NORA BARRY FISCHER, District Judge.
AND NOW, this 30
IT IS HEREBY ORDERED that Plaintiffs Motion to Remand [6] is DENIED;
IT IS FURTHER ORDERED that Defendant's Motion to Dismiss [3] is DENIED, without prejudice, to raising its affirmative defenses to Plaintiffs' declaratory judgment and bad faith claims after the close of discovery via summary judgment proceedings and/or at trial; and,
IT IS FURTHER ORDERED that Defendant shall file its Answer by
In so holding, the Court notes initially that it is not persuaded that this action is one where it is appropriate to decline to exercise jurisdiction under the Declaratory Judgment Act after considering the relevant factors outlined in Reifer v. Westport Insurance Corporation, 751 F.3d 129, 146 (3rd Cir. 2014).
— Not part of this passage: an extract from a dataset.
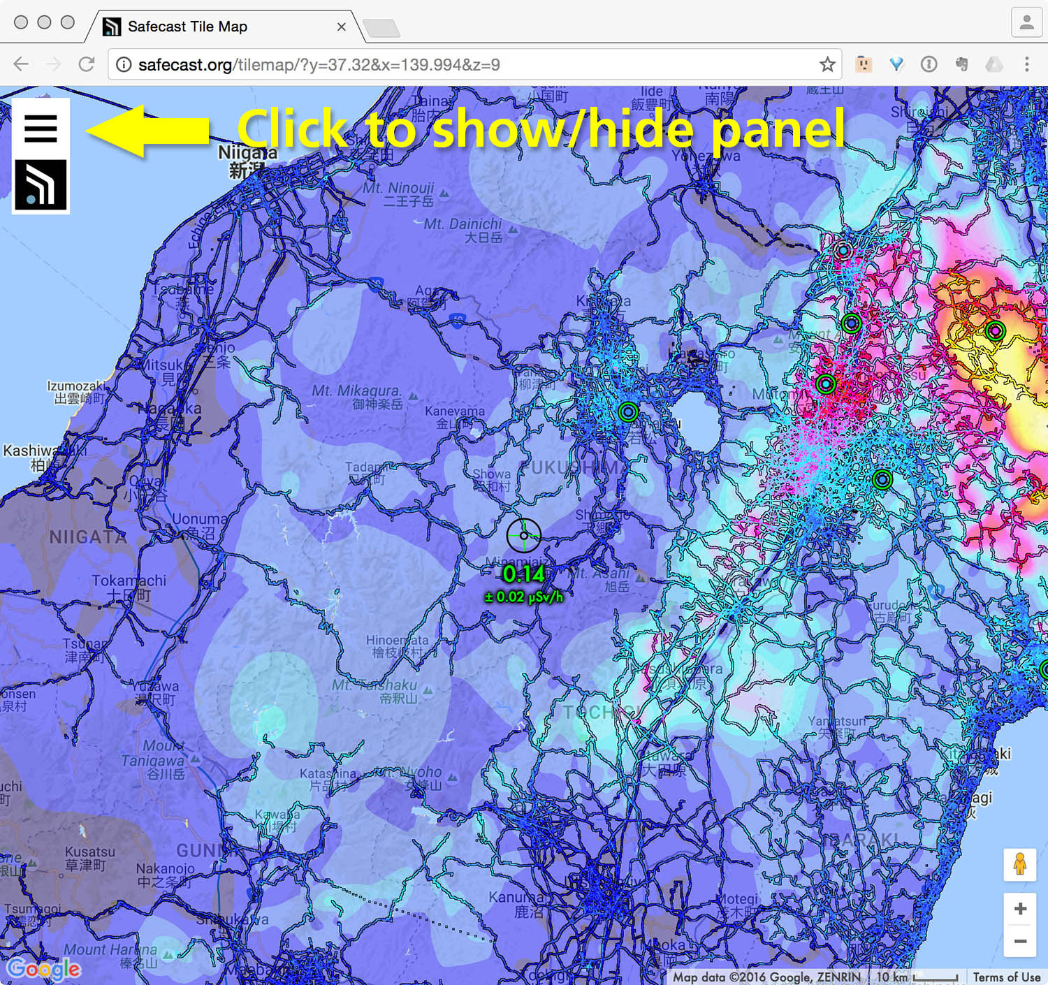 When the Tilemap is opened in a browser, by default it will be centered on Fukushima, with both the most current datapoints and interpolation enabled, and Pointcast sensors displayed. The basemap is Google’s standard map. The update adds a control in the upper left corner to show and hide the new control panel.

Pertinent here, the Court's review of the pleadings in the light most favorable to Plaintiffs demonstrates that the parties (and assignors) are completely diverse and that the claim of bad faith insurance practices seeks damages well in excess of the jurisdictional amount of $75,000.00 against Defendant, a claim over which this Court has subject matter jurisdiction. See 28 U.S.C. § 1332(a). The bad faith claim for damages is also broader in scope than the coverage disputes set forth in the corresponding declaratory judgment claim such that it could have been brought independently. See, e.g., Rohm and Haas Co. v. Utica Mutual Ins. Co., Civ. A. No. 07-584, 2008 WL 2517176, at *2 (E.D. Pa. Jun. 23, 2008) (citing cases). To this end, Plaintiffs allege that Defendant engaged in bad faith insurance practices by, among other things, sending its insured a disclaimer letter prospectively denying a duty to defend any lawsuit arising from the underlying incident, five months before any lawsuit was filed; allegedly conducting a cursory investigation into the claims against the insured; refusing to reevaluate its coverage position after the lawsuit was filed and providing no indication in the denial letter that the underlying complaint was considered; and failing to respond to a subsequent request by the insured to provide a defense in light of additional information that was obtained as the trial date approached on the underlying matter. (Docket No. 1-1). Further, the underlying claim is now concluded, with an arbitrator awarding damages in favor of Plaintiffs and against Defendant's insured, undermining Plaintiffs' position that there is an inherent conflict of interest between the insurance company's duty to defend in state court and the coverage position taken in this declaratory judgment action invoking the exclusions under the policy. See Reifer, 751 F.3d at 146. Of the remaining factors, only convenience of the parties slightly favors Plaintiffs
With respect to Defendant's Motion to Dismiss, as the Court has indicated above, after reviewing the allegations in Plaintiffs' Complaint in the light most favorable to them and resolving all inferences in their favor, the Court finds that they have stated a plausible claim alleging bad faith insurance practices against Defendant. See, e.g., Ashcroft v. Iqbal, 556 U.S. 662 (2009); Bell Atl. Corp. v. Twombly, 550 U.S. 544 (2007). The Court also believes that Plaintiffs have set forth sufficient factual allegations for their declaratory judgment action to move the claim beyond the pleadings and into discovery. Id. This Court is well familiar with the legal principles at issue in construing and interpreting insurance contacts and evaluating the insurer's duty to defend and indemnify its insured in light of the relevant policy language and the factual circumstances underpinning the claim. See, e.g., Ramara, Inc. v. Westfield Ins. Co., 814 F.3d 660 (3d Cir. 2016).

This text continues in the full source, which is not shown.